Tak disangka, beberapa saat kemudian harga sahamnya justru anjlok sehingga di atas kertas ia merugi. Secara teori, teman saya seharusnya segera menjual saham itu agar tak rugi besar. Tapi teman saya bergeming. Ia masih saja berharap harga saham.akan naik, tetapi perhitungannya meleset. Harga sahamnya terus anjlok dan akhirnya ia menderita kerugian yang cukup besar.

Firman Tuhan jelas meminta kita agar menghindari keserakahan, bahkan disebut sajapun jangan (Efesus 5:3). Bagian lain Firman Tuhan menyebut orang serakah sama dengan penyembah berhala yang tidak akan mendapat bagian di dalam Kerajaan Kristus dan Allah (Efesus 5:5).

Saya merasa mendapat hikmat dari kisah si ibu penjaja kue dan bapak tukang ‘cukur’, betapa hidup itu bukan ‘melulu’ soal uang, harta benda, jabatan, pangkat dan lain-lain. Jangan serakah! Cukupkankanlah dirimu dengan apa yang Tuhan beri.

Rasul Yohanes dalam Lukas 3:14 menjawab pertanyaan para prajurit tentang apa yang harus mereka lakukan agar hidup berkenan di hadapan Allah dengan berkata;  “Jangan merampas dan jangan memeras dan cukupkanlah dirimu dengan gajimu.”

Tuhan memang memberikan rejeki atau berkat yang berbeda-beda kepada setiap manusia. Tapi Kebahagiaan tak diukur dari apa yang kita punya. Kebahagiaan berasal dari dalam hati kita sendiri. Mari kita jalani hidup dengan ikhlas dan penuh rasa syukur.

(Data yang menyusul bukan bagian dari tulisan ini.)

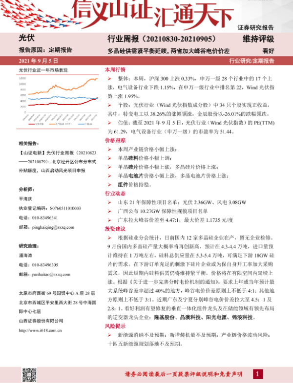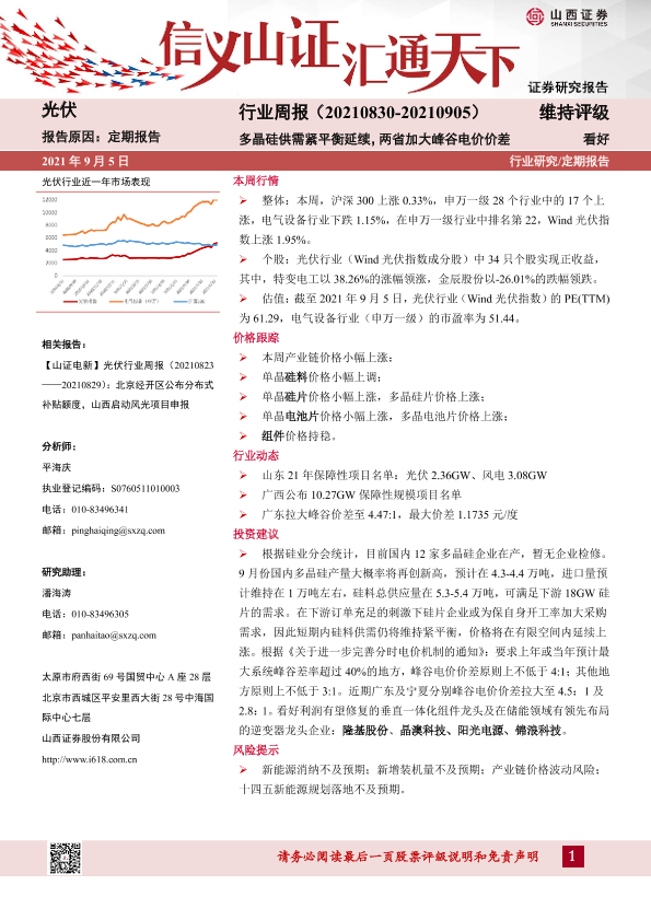 【山西证券】【20210905】20210905-山西证券-光伏行业周报:多晶硅供需紧平衡延续,两省加大峰谷电价价差-10页

Ada baiknya kita renungkan kembali Firman Tuhan dalam Ibrani 13:5: Janganlah kamu menjadi hamba uang dan cukupkanlah dirimu dengan apa yang ada padamu. Karena Allah telah berfirman: “Aku sekali-kali tidak akan membiarkan engkau dan Aku sekali-kali tidak akan meninggalkan engkau.”